▸ Task instructions:
Transcribe word for word the section of the records below that opens with the line containing "Satılır 4 otaqlı" and closes with the line containing "Lauda ULTRACOOL UC"; drop every picture.

▸ Information provided:
*-*-*
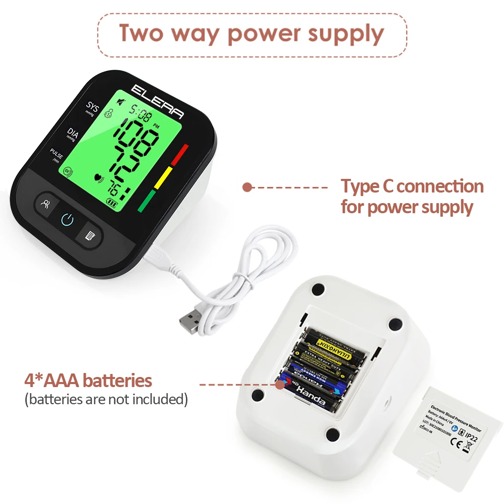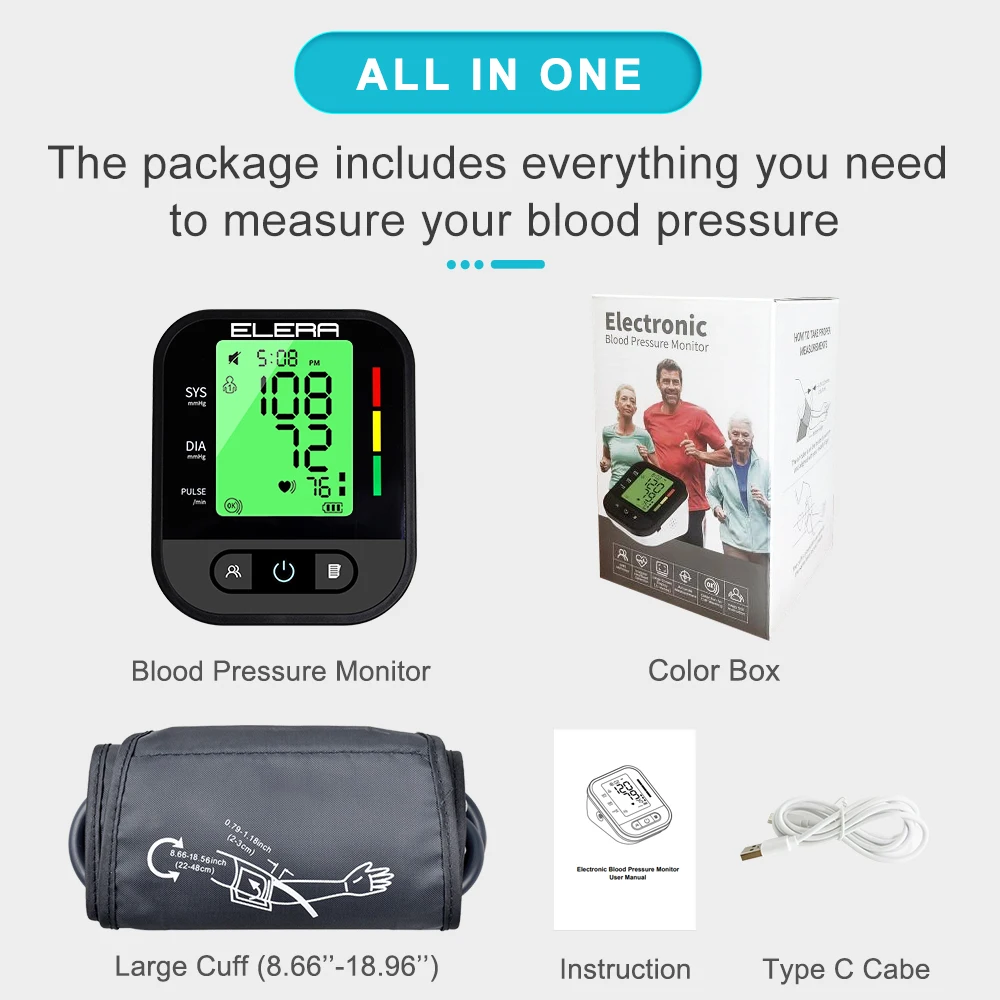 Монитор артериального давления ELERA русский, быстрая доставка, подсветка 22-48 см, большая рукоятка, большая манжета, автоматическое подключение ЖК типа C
*-*-*
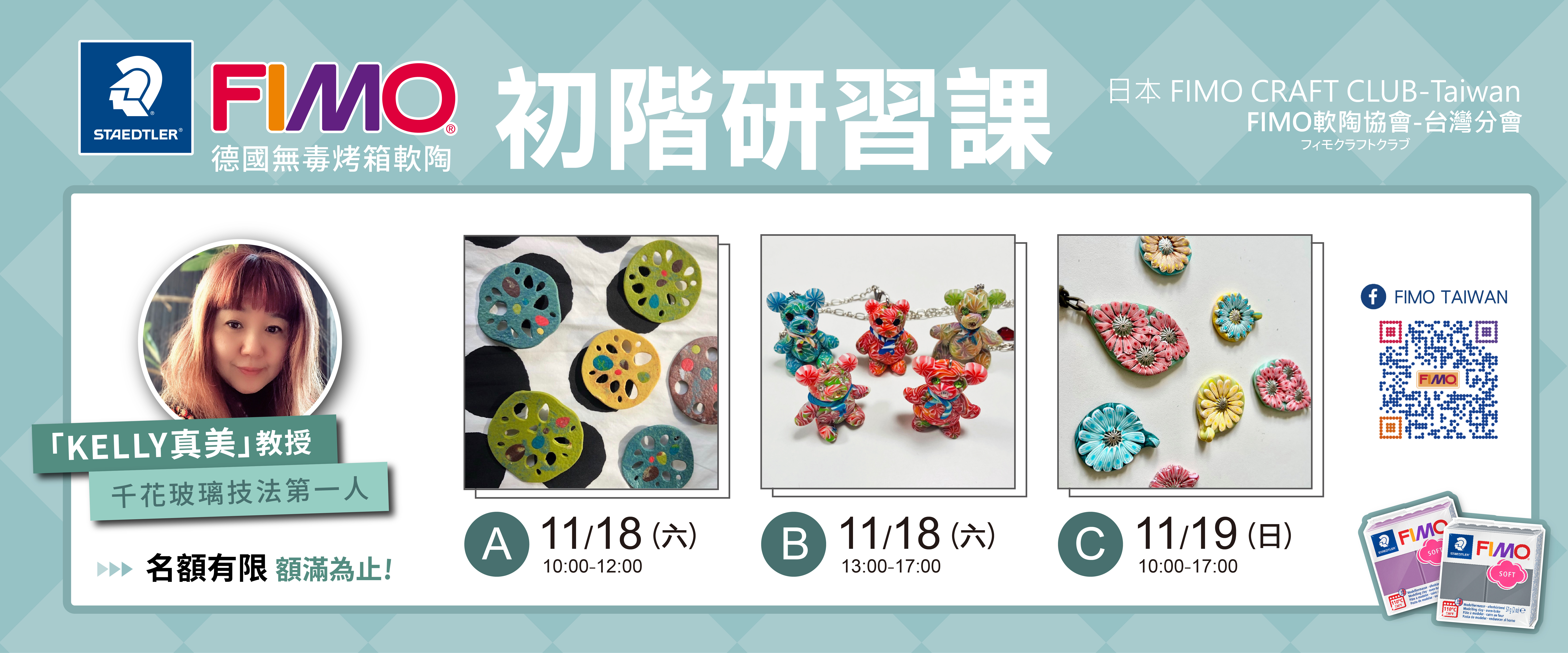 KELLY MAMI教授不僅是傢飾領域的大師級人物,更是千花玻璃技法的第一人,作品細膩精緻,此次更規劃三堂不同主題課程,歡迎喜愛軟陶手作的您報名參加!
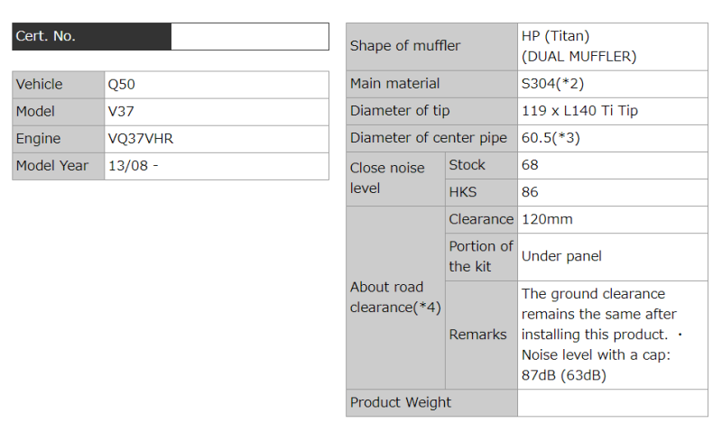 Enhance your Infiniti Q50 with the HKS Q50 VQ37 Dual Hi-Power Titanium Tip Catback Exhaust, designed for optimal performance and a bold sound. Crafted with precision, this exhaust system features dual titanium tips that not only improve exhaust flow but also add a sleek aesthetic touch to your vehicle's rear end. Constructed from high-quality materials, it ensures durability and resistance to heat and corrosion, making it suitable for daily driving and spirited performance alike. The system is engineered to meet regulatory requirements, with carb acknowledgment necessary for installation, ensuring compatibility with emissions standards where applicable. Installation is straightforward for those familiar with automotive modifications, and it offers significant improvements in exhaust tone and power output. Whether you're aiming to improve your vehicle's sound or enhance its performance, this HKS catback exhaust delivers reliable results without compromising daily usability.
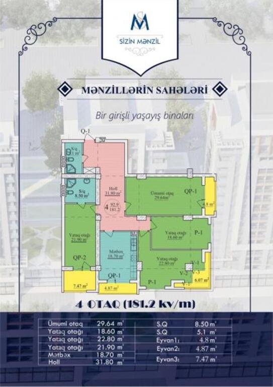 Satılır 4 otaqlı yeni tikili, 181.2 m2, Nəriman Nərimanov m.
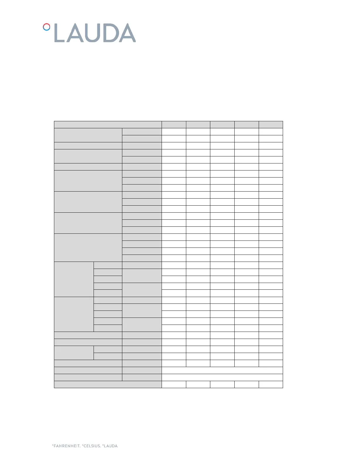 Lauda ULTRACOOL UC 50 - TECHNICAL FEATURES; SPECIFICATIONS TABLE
*-*-*
▸ Response:
 Satılır 4 otaqlı yeni tikili, 181.2 m2, Nəriman Nərimanov m.
 Lauda ULTRACOOL UC 50 - TECHNICAL FEATURES; SPECIFICATIONS TABLE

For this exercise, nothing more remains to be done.